## Startup Basics – How To Do A Simple Break-even Analysis

2 Responses »
Apr 012011

It’s amazing how many startup entrepreneurs do not take the relatively simple, but very important step of doing a basic break-even analysis on their business. Here you will learn how to do a very basic break-even analysis for your venture.

First, it will be important that you understand the meaning of a few terms:

Selling Price: this is the price at which you will sell your product or service.

Fixed Costs: these are costs that are the same regardless of how much you might sell. Typical examples would include facility rent, insurance (like property and general liability), utilities (may be variable in some businesses), etc. Just bear in mind that if it does not change regardless of how much you sell, it likely should be categorized as a fixed cost.

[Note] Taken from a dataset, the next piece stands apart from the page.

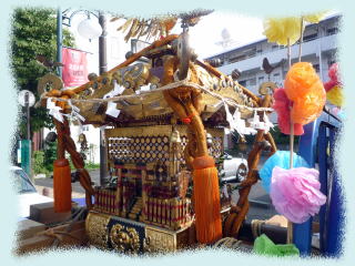 そうそう途中でお神輿とかの行事があったので写真を撮ったりしましてん。

Variable Costs: these are costs that vary depending on how much you sell. Some common examples include direct material costs (if manufacturing products), sales commissions, direct labor (for either manufacturing or providing services), cost to purchase products or services for resale, etc. Remember that if the cost varies in relation to the amount you sell, it is likely to be considered a variable cost.

Contribution Margin: the difference between Selling Price and Variable Costs. So, if you are selling something for \$100 and the Variable Costs of that sale are \$60, then the Contribution Margin is \$40.

Now that we have the basic definitions out of the way, let’s talk about how to calculate your break-even point in terms of both dollars of sales and units.

The formula to calculate the break-even point is very simple, as follows:

Break-even point = Fixed Costs / Contribution Margin

Let’s look at a straightforward example. Let’s say that you are running a business that has fixed costs of \$10,000 per month and you are selling a product or service that has a Contribution Margin of \$40. The break-even point in this example would be:

\$10,000 / \$40 = 250 units

If the units sell for \$100 each, then the break-even point in sales dollars would be 250 units x \$100 per unit, or \$25,000 per month of sales.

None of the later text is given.